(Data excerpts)
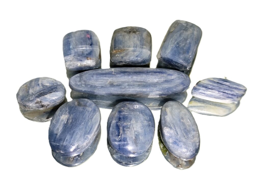 This jagged shard of serenity untangles the spirit and mirrors the stillness of a deep lake! The opaque and yet eye-catching blue kyanite cabochons display characteristic striated surfaces and parallel tubular crystals that may be broken at places. The blue pearly color is due to trace mineral impurities of iron. These cabochons can be used in rings, pendants and necklaces. Blue kyanite is associated with throat chakra and third eye chakra and is believed to aid in communication.
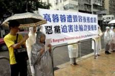 Sous la pluie torrentielle, quelques pratiquants de Hong Kong manifestent devant le Bureau de liaison chinois, demandant le châtiment sévère des meurtriers
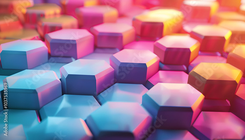 A vibrant hexagonal pattern showcasing a blend of blue and pink colors, creating a modern and dynamic abstract design.
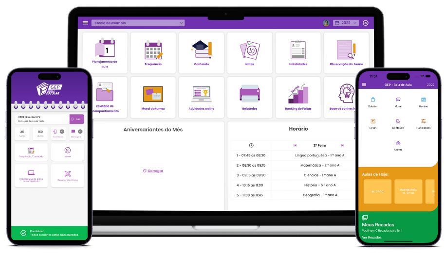 Com o GEP – Gestão Escolar, o Diário Escolar é 100% digital, integrado e inteligente.
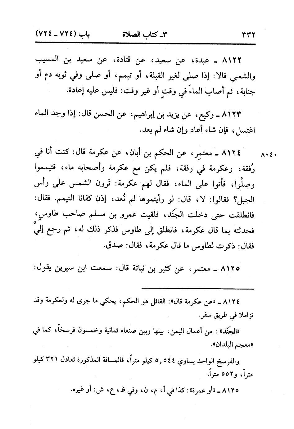 8124- حَدَّثَنَا مُعْتَمِرُ ، عَنِ الْحَكَمِ بْنِ أَبَانَ ، عَنْ عِكْرِمَةَ ، قَالَ : كُنْتُ أَنَا فِي رُفْقَةٍ ، وعِكْرِمَةَ في رُفْقَةٍ ، فَلَمْ يَكُنْ مَعَ عِكْرِمَةَ وَأَصْحَابِهِ مَاءٌ فَتَيَمَّمُوا وَصَلَّوْا فَأَتَوْا عَلَى الْمَاءِ ، فَقَالَ لَهُم عِكْرِمَةُ : تَرَوْنَ الشَّمْسَ عَلَى رَأْسِ الْجَبَلِ ؟ فَقَالُوا : لاَ ، قَالَ : لَوْ رَأَيْتُمُوهَا لَمْ نُعِدْ إذًا كَفَانَا التَّيَمُّمُ ، فَقَالَ : فَانْطَلَقْتُ حَتَّى دَخَلْت الْجَنَد فَلَقِيتُ عَمْرَو بْنَ مُسْلِمٍ صَاحِبَ طَاوُوس ، فَحَدَّثْتُهُ بِمَا قَالَ عِكْرِمَةُ ، فَانْطَلَقَ إلَى طَاوُوس فَذَكَرَ ذَلِكَ لَهُ ثُمَّ رَجَعَ إلَيَّ فَقَالَ : ذَكَرْتُ لِطَاوُوس مَا قَالَ عِكْرِمَةُ فَقَالَ : صَدَقَ. (2/434).
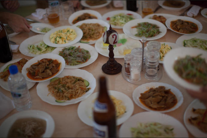 Traditional North Korean food is served in a restaurant in Pyongyang, North Korea.
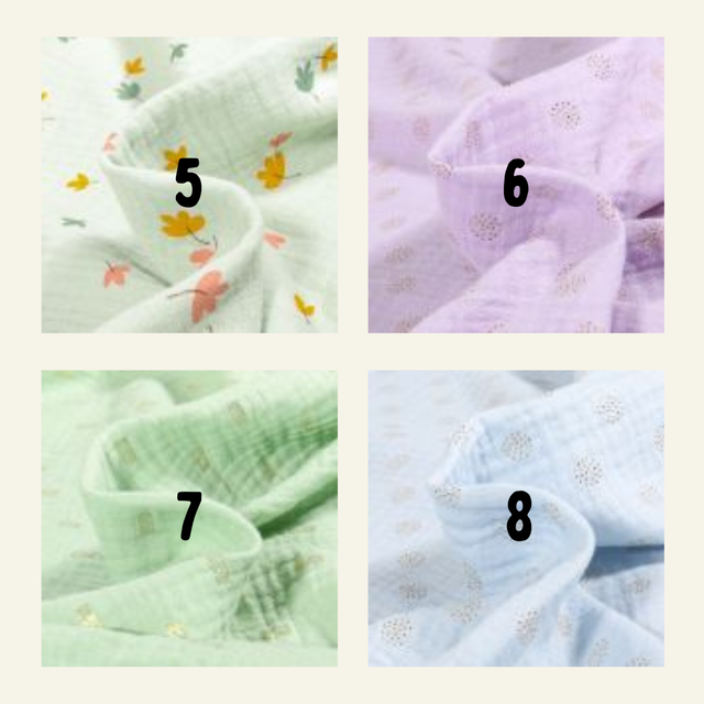 Personnalisez votre doudou faon : choisissez la couleur de la collerette et le tissu (double gaze de coton) du doudou parmi une sélection (voir photos).

• **Problem statement**: Leave the pictures out, and transcribe exactly the lines above starting at the one that contains "Sous la pluie" and ending at the one that contains "Com o GEP –".

• **The completed task**:
 Sous la pluie torrentielle, quelques pratiquants de Hong Kong manifestent devant le Bureau de liaison chinois, demandant le châtiment sévère des meurtriers
 A vibrant hexagonal pattern showcasing a blend of blue and pink colors, creating a modern and dynamic abstract design.
 Com o GEP – Gestão Escolar, o Diário Escolar é 100% digital, integrado e inteligente.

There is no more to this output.